Anschudar blickte nach oben. Nur wenige Längen noch, und sie hatten
endlich den Gipfel des Geburtsfelsens erreicht. Diese höchste Erhebung des
Uma’Roll fiel zu einer Seite steil ab. Gute eineinhalb Tausendlängen ging es
dort hinab in die Tiefe. Dieser Abgrund würde über das Schicksal seiner
Lederschwinge und Anschudars Zukunft entscheiden.
Ein Stück über sich sah er das schwarze Rund des Eises. Anschudar
bemerkte den Schatten, der über ihn fiel, und spürte einen leichten Luftzug,
als das Muttertier dicht neben ihnen am Pfad vorbeistrich. Ihre ledrigen
Schwingen bewegten sich auch hier, in der dünnen Höhenluft, mit anmutigen,
sanft wirkenden Bewegungen. Sie hatte ihr Ei bebrütet und nun, da der
Schlupf unmittelbar bevorstand, behutsam auf dem Geburtsfelsen abgelegt.
»Sie ist sicherlich ebenso aufgeregt wie du, mein Junge.« Mordeschdar
nickte unter seinem Helm und der Kapuze. »Auch für sie hängt viel davon ab.
Es muss schwer sein, ein Junges zu verlieren.«
Anschudar konnte das verstehen. Die Lederschwingen empfanden um den
Tod eines ihrer Jungen nicht weniger Trauer als die Menschen des Volkes um
den ihrer eigenen Kinder. Er sah erneut auf das Ei. »Ich glaube, es ist gleich
so weit, Schwingenführer. Das graue Netz breitet sich aus.«
»Dann sollten wir uns beeilen«, knurrte Mordeschdar. »Du musst deine
Hände an die Schale legen, bevor sie bricht.«
Die Schale begann sich unmerklich zu öffnen. Mit den zahlreichen
Sprüngen, die ihre Oberfläche überzogen, wirkte sie, als habe man ein graues
Netz darübergeworfen.

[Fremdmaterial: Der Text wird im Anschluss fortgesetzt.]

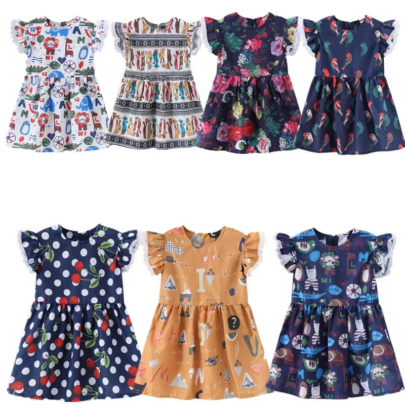 Новое летнее платье для девочек, милое кружевное платье с животным принтом, новогоднее платье, детская одежда, вечерние платья принцессы, платья

Lederschwingen hatten keinen Eizahn, mit dem sie die
dicken Schalen öffnen konnten. Sie mussten ihre Körpermuskeln anspannen
und die Schwingen ausbreiten, um das Ei zu zersprengen. Die Natur hatte es
so eingerichtet, damit das Wesen bereit war, sofort nach der Geburt zu
fliegen.
Erneut strich das Muttertier um den Geburtsfelsen, und dieses Mal stieß es
einen leisen Schrei aus, der die Männer zur Eile mahnte. Hastig kletterten sie
den Pfad hinauf, bis sie endlich auf dem winzigen Gipfelplateau des
Geburtsfelsens standen. Sie achteten nicht auf die Höhe, in der sie sich
befanden. Sie waren es gewohnt, in die Tiefe hinabzusehen. Sei es vom
Boden ihres Hortes aus oder vom Rücken einer Lederschwinge.

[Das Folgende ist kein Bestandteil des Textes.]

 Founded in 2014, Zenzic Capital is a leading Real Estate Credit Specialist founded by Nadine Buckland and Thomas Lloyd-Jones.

Das Plateau maß keine zehn Längen im Durchmesser und war nahezu
kreisrund. Der Boden war von den Lederschwingen sorgfältig geglättet und
anschließend gebrannt worden, damit kein spitzer Stein die Hülle eines Eis
beschädigen konnte. Eine kräftige Bö hätte die beiden Männer einfach vom
Felsen heruntergewischt, aber der Wind ging gleichmäßig, als Anschudar mit
einem langen Schritt an das Ei herantrat, während Mordeschdar am Ende des
Pfades verharrte. Es mochte an die fünf Längen hoch sein und deren zwei im
Durchmesser haben. Anschudar zog die gefütterten Handschuhe aus und legte
die klamm werdenden Hände an die Schale des Eis. Sie fühlte sich warm an
und vibrierte leicht. Es konnte nur noch Augenblicke dauern, bis es so weit
war.
»Es ist groß«, murmelte Anschudar.
»Ja, das ist es. Wenn du Glück hast, wirst du auf einer außergewöhnlichen
Schwinge reiten können. Doch beeile dich. Du musst nun ihren Namen
denken«, mahnte der Schwingenführer. »Rasch, bevor sie schlüpft.«
Gedanken waren intensiver, wenn man sie in Worten formulierte. Das
hatte sich Anschudar gut eingeprägt. »Flieg, Showaa, meine Lederschwinge.
Flieg.«
»Showaa?« Mordeschdar nickte beifällig. »Ein guter Name. Wollen wir
hoffen, dass …«
Es knackte hörbar, und Anschudar trat instinktiv zurück. Andächtig
starrten die beiden Männer auf das Ei. Die Linien des grauen Netzes
verbreiterten sich rasend schnell, Spalten entstanden. Auch das Muttertier
hatte diesen entscheidenden Augenblick erfasst. Elegant schwang es herum
und glitt sachte heran. Ihre muskulösen Beine berührten die Männer fast, als
sie dicht über ihre Kapuzen hinwegstrichen und dann mit wohldosierter Kraft
gegen die zerbrechende Schale stießen.
Vom Schwung des Muttertieres getroffen, zerbarst das Ei endgültig und
wurde dabei vom Plateau geschleudert. Instinktiv presste Anschudar die Hand
vor seinen Mund, als er es in die Tiefe stürzen sah. Er trat hastig an den Rand,
um besser sehen zu können. Zwischen den Schalen war ein Schemen zu
erkennen. Ein gedrungener Leib, der sich aber zu entfalten schien, während er
zusammen mit den Schalen in die Tiefe wirbelte.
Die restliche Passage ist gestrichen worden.